In cryptography, a zero-knowledge proof, or zero-knowledge protocol (ZKP) is a method for one party to prove to another that a particular statement is true, without revealing anything other than the veracity of the statement in question.

A brief history of zero-knowledge proof systems

The notion of zero-knowledge systems was first introduced by Goldwasser, Micali, and Rackoff at the STOC’85 Annual ACM Conference on Theory of Computing in “The Knowledge Complexity of Interactive Proof Systems” (Goldwasser et al. 1989) where a group of mathematicians demonstrated how to prove to a verifier that a given integer is within a particular quadratic residue system. This was done without revealing information about the integer in question apart from its congruence to the quadratic residue system.

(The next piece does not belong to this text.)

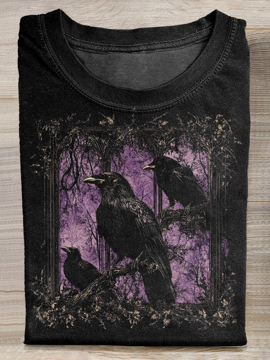 Gorgeous Dark Crow Print Casual Pure Cotton Loose T-Shirt

Their work has since been extended to work with other residue systems and can be used for the purpose of proving any NP-complete problem, or to demonstrate knowledge of a particular discrete logarithm. The latter may be used by a verifier in order to determine whether or not a given prover has knowledge of one of the prime factors of a particular semi-prime.

In “The Knowledge Complexity of Interactive Proof Systems” (Goldwasser et al. 1989) it was demonstrated that under a zero-knowledge proof system, a dishonest verifier.

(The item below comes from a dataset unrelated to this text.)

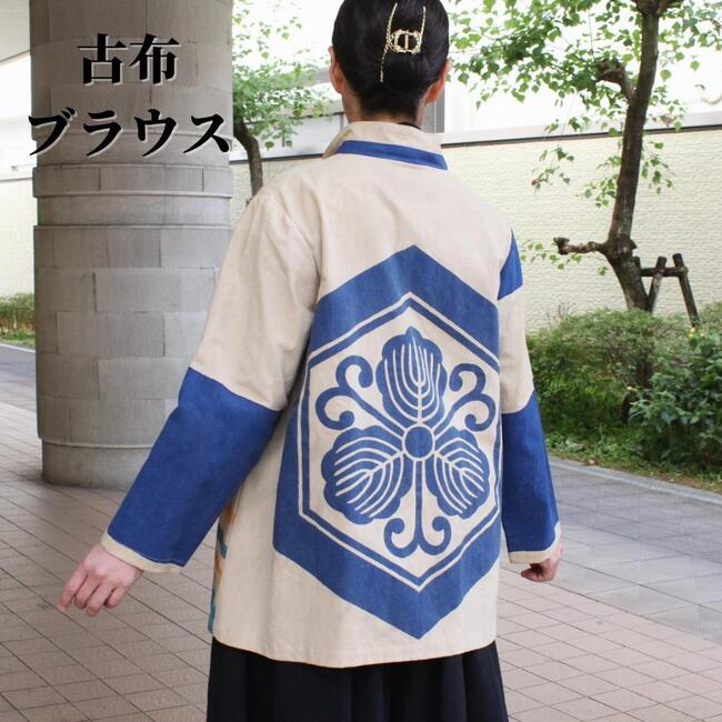 【楽天スーパーSALE10%OFF 】古布 舞祝ブラウス ジャケット 作家一点もの 日本製 送料無料 ベージュ レディース ミセス シニアファッション 50代 60代 秋冬春 トップス ブラウス シャツ 長袖 祝 舞 おめでたい 和風 和柄 洋服

This novel interactive proof system was the first to address the quandary of how an interactive proof system should behave in the presence of a dishonest or cheating verifier and demonstrated the property of being sound in the presence of both a dishonest prover, and a dishonest verifier.

It was also demonstrated that a cheating verifier does not learn anything about the secret associated with a given challenge-response round apart from the veracity of the proposition associated with the round in question. These protocols are also known as sigma protocols.

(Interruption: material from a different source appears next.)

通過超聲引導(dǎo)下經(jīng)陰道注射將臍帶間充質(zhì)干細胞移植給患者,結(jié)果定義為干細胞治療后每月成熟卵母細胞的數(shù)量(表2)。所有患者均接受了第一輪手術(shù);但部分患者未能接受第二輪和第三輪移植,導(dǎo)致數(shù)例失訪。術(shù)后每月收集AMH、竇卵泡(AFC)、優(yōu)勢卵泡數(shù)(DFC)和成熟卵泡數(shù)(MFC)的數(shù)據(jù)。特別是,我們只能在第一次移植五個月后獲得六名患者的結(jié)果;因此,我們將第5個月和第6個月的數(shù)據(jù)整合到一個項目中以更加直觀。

What does a zero-knowledge protocol actually do, though?

The following axioms for ZKPs were defined by Goldwasser et al. and must be satisfied by any interactive ZKP:

  • Completeness: the verifier will always accept a given proof if the fact is true, as long as the both the prover, and the verifier abide by the protocol
  • Soundness: the verifier will always reject a given proof if the fact is false, as long as the verifier follows the protocol; and
  • Zero-knowledge: which states that the verifier learns nothing about the fact being proved, except that it is correct.

Simply put, an interactive zero-knowledge proof system is an interactive proof system which limits the exposure factor associated with the cryptographic material exchanged over-the-wire.

Rather than passing sensitive data between a prover, and a verifier in response to a particular challenge, a zero-knowledge protocol only ever tells the verifier small hints about the answer to a particular proposition.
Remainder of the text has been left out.